CLASSIQUE TOURBILLON MESSIDOR 5335
The Tourbillon seems to float in space with no visible link to the rest of the movement. The key to achieving this mysterious construction lies in the use of sapphire. The Tourbillon is mounted between two sapphire plates, while its carriage is attached to a third, representing a novel solution, which has been patented.
HÉRITAGE TOURBILLON 5497
This barrel-shaped model has a Tourbillon powered by a manual winding movement. The contours of this caliber are identical to those of the case. Breguet’s watchmakers had to overcome a series of significant challenges to create a movement that perfectly fits the tonneau shape. The architecture of the piece puts the Tourbillon in perspective, accentuating the technical skills that went into making it. A unique element, the Tourbillon bridge, acts as the 6 o’clock marker on the dial.
TRADITION TOURBILLON FUSÉE 7047
The Tourbillon carriage of this piece adopts a geometry directly inspired by the first sketches of A.-L. Breguet. A patented mechanism provides anti-shock protection. A veritable feat – the balance spring with the famous raised terminal curve called the Breguet overcoil is made of silicon, a material insensitive to magnetic fields, according to a patented process.

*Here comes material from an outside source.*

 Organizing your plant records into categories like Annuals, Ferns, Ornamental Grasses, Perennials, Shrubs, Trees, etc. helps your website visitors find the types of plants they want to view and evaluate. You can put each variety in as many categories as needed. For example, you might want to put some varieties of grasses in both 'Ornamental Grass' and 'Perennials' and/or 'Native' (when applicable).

MARINE TOURBILLON ÉQUATION MARCHANTE 5887
At the heart of its movement, incorporating a perpetual calendar and the running equation of time, is a cam placed on a sapphire disk. It performs one revolution per year and faithfully reproduces the cycle of the equation of time. This patented transparent disk, which indicates the 12 months of the year on the periphery, offers a glimpse of the Tourbillon below. The indication of the equation of time is provided by the finger-piece, which follows the shape of the cam.

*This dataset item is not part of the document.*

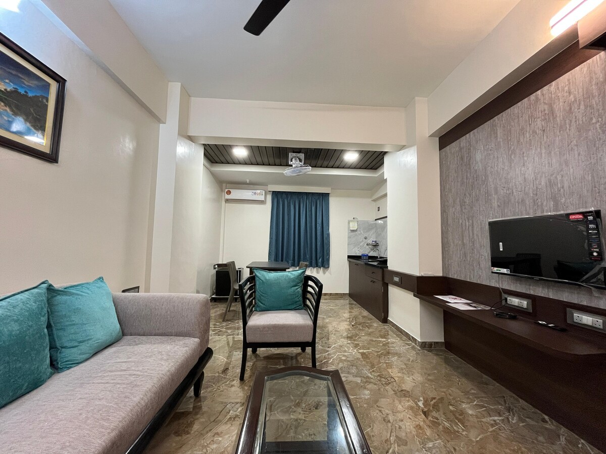 Experience the ultimate in luxury & Comfort at 'Varuna' studio unit. 305 Sq.ft unit of meticulously designed space,providing a perfect blend of style and functionality.This exquisite Suite comprises spacious AC Studio room with Pantry Kitchenette & Attached Toilet. Kingsize bed+single bed+chair. Common RO water purifier in lobby. It DOES NOT HAVE LIFT to access 1st floor. Reception & waiting area on G.floor+24hr Power backup+Carparking+close to pune-Hyd highway. 1 of the 4 Units by Kuber Suites.
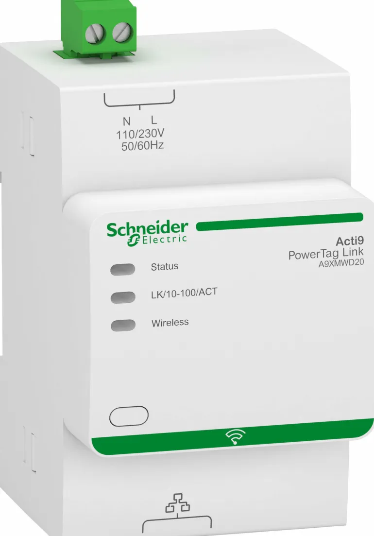 Schneider Acti9 on standardoitu keskitin, johon 20/100 PowerTag-energiasensorit voidaan liittää langattomasti. Lisäksi se toimii yhdessä ohjausyksikön A9XMC1D3 kanssa.

CLASSIQUE TOURBILLON EXTRA-THIN AUTOMATIC 5367
Modern technologies have played a key role in the design of this ultra-thin Tourbillon with a movement only 3 millimeters thick, thanks to a titanium carriage, a silicon balance spring and escape wheel. As the construction of the movement has been redesigned, the rotation of the carriage is propelled by a peripheral toothed wheel.
CLASSIQUE TOURBILLON EXTRA-THIN SQUELETTE 5395
The extra-thin caliber of this timepiece features a balance wheel oscillating at a high frequency of 4 hertz, while maintaining a comfortable power reserve of 80 hours. This is made possible by the high energy barrel, the design of which is patented. The caliber is fully skeletonized. The gold plate and bridges have been hollowed out and hand-decorated so as to display the mechanical anatomy of the movement.

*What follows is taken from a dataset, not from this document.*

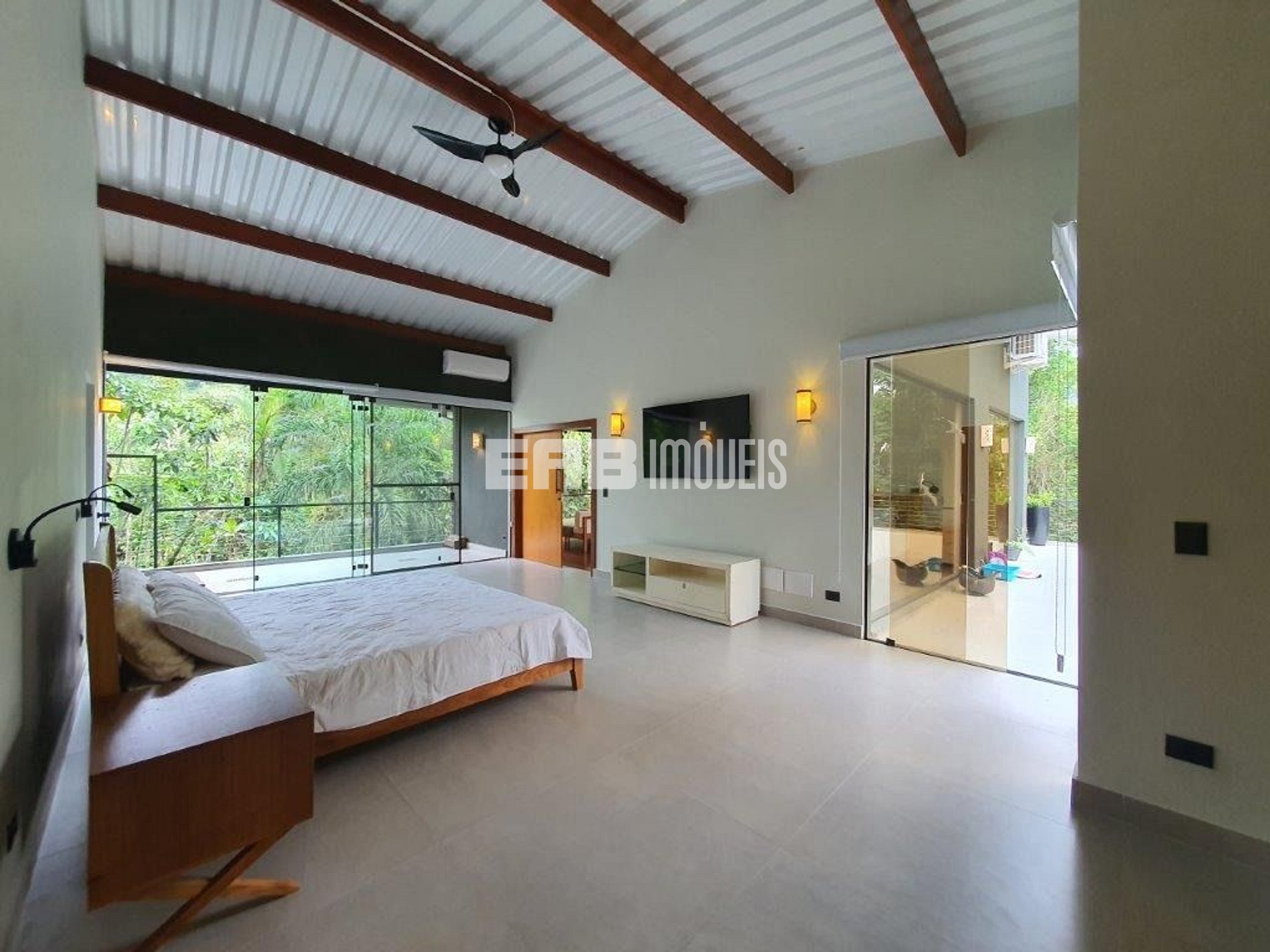 Quarto 3 (suíte): 1 cama de casal king, ventilador de teto, ar condicionado

CLASSIQUE DOUBLE TOURBILLON 5345 QUAI DE L’HORLOGE
The astute construction of this movement has been covered by several patents. The two mechanical hearts beat independently from one another, each driven by their own barrel. Like a delicately chased sculpture, the entire movement pivots around its axis to the rhythm of one revolution every 12 hours. The various calibrations are done manually, such as the poising and balancing of the Tourbillon carriages.
Patented on June 26, 1801, the Tourbillon underwent more than 10 years of development. When he finally released the results of his research to the public, Abraham-Louis Breguet did not write just one page on watchmaking. No, in fact, he started a book that even 220 years later, is not finished yet – far from it.